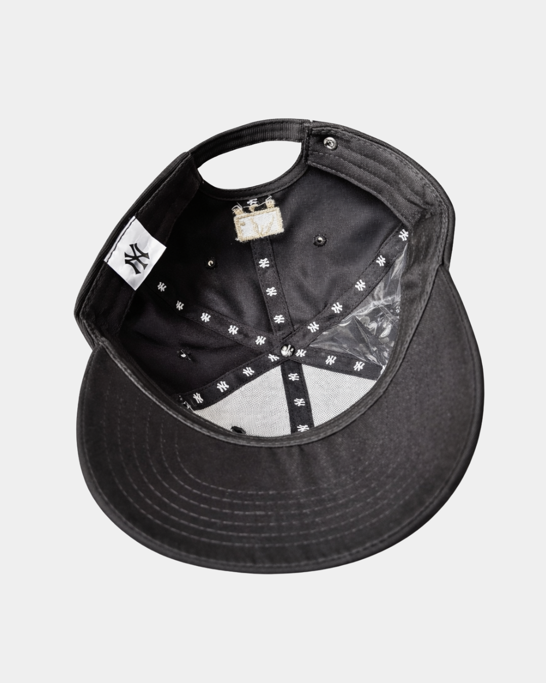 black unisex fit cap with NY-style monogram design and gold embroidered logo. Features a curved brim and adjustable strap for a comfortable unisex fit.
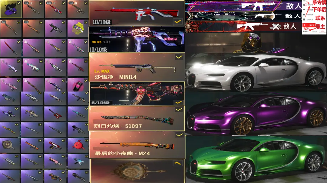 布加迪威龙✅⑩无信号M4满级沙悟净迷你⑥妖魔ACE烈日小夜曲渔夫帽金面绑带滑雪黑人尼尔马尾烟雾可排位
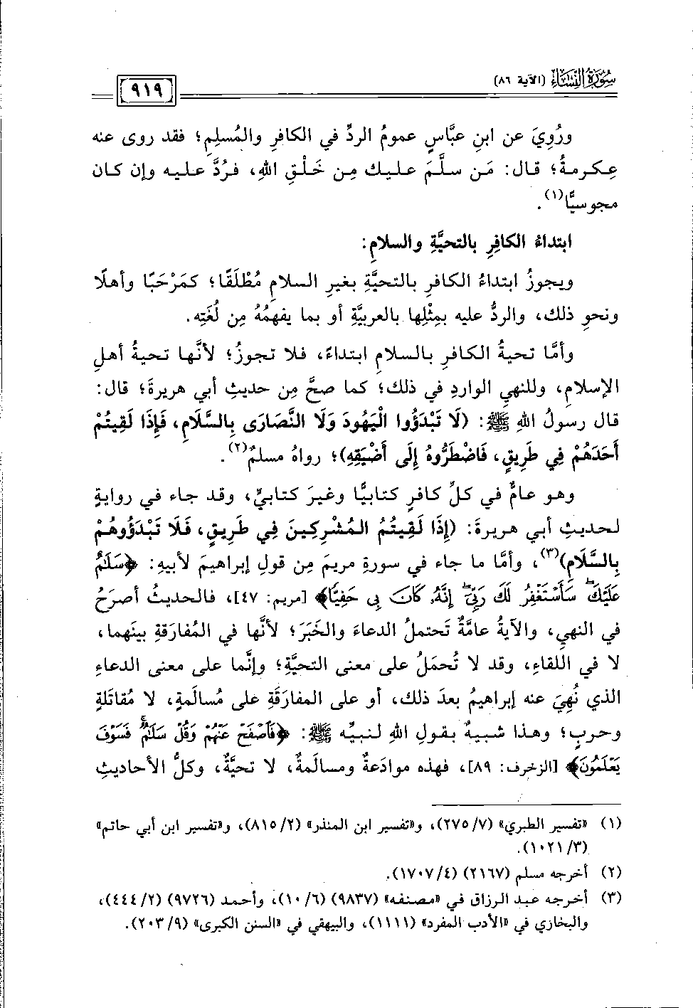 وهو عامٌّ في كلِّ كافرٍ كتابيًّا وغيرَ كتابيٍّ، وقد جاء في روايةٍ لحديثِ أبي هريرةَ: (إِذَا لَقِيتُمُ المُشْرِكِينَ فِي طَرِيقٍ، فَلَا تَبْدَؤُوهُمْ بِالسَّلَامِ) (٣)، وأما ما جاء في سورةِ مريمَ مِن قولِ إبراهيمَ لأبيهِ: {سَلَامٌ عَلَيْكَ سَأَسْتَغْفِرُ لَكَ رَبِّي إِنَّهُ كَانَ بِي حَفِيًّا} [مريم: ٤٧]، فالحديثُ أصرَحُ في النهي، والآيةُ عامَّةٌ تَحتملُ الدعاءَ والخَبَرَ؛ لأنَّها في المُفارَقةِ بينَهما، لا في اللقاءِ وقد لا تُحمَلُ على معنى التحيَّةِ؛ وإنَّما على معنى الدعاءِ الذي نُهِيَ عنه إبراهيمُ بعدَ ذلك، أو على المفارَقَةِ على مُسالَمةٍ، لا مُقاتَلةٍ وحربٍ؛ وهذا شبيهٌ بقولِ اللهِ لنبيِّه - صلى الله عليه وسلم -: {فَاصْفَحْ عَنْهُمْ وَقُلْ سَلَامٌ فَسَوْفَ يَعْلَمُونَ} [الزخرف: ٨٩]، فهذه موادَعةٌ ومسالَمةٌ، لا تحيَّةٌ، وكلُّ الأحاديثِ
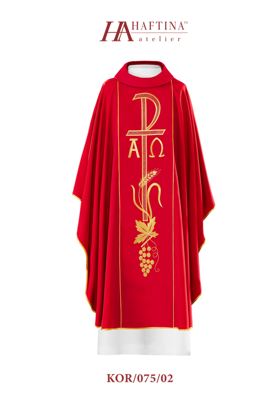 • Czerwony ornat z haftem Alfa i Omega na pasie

**Problem details:** Pictures excluded, write out exactly and only the lines of the material from the one containing "وهو عامٌّ في" up to and including the last line.

**Exercise output:**
 وهو عامٌّ في كلِّ كافرٍ كتابيًّا وغيرَ كتابيٍّ، وقد جاء في روايةٍ لحديثِ أبي هريرةَ: (إِذَا لَقِيتُمُ المُشْرِكِينَ فِي طَرِيقٍ، فَلَا تَبْدَؤُوهُمْ بِالسَّلَامِ) (٣)، وأما ما جاء في سورةِ مريمَ مِن قولِ إبراهيمَ لأبيهِ: {سَلَامٌ عَلَيْكَ سَأَسْتَغْفِرُ لَكَ رَبِّي إِنَّهُ كَانَ بِي حَفِيًّا} [مريم: ٤٧]، فالحديثُ أصرَحُ في النهي، والآيةُ عامَّةٌ تَحتملُ الدعاءَ والخَبَرَ؛ لأنَّها في المُفارَقةِ بينَهما، لا في اللقاءِ وقد لا تُحمَلُ على معنى التحيَّةِ؛ وإنَّما على معنى الدعاءِ الذي نُهِيَ عنه إبراهيمُ بعدَ ذلك، أو على المفارَقَةِ على مُسالَمةٍ، لا مُقاتَلةٍ وحربٍ؛ وهذا شبيهٌ بقولِ اللهِ لنبيِّه - صلى الله عليه وسلم -: {فَاصْفَحْ عَنْهُمْ وَقُلْ سَلَامٌ فَسَوْفَ يَعْلَمُونَ} [الزخرف: ٨٩]، فهذه موادَعةٌ ومسالَمةٌ، لا تحيَّةٌ، وكلُّ الأحاديثِ
 • Czerwony ornat z haftem Alfa i Omega na pasie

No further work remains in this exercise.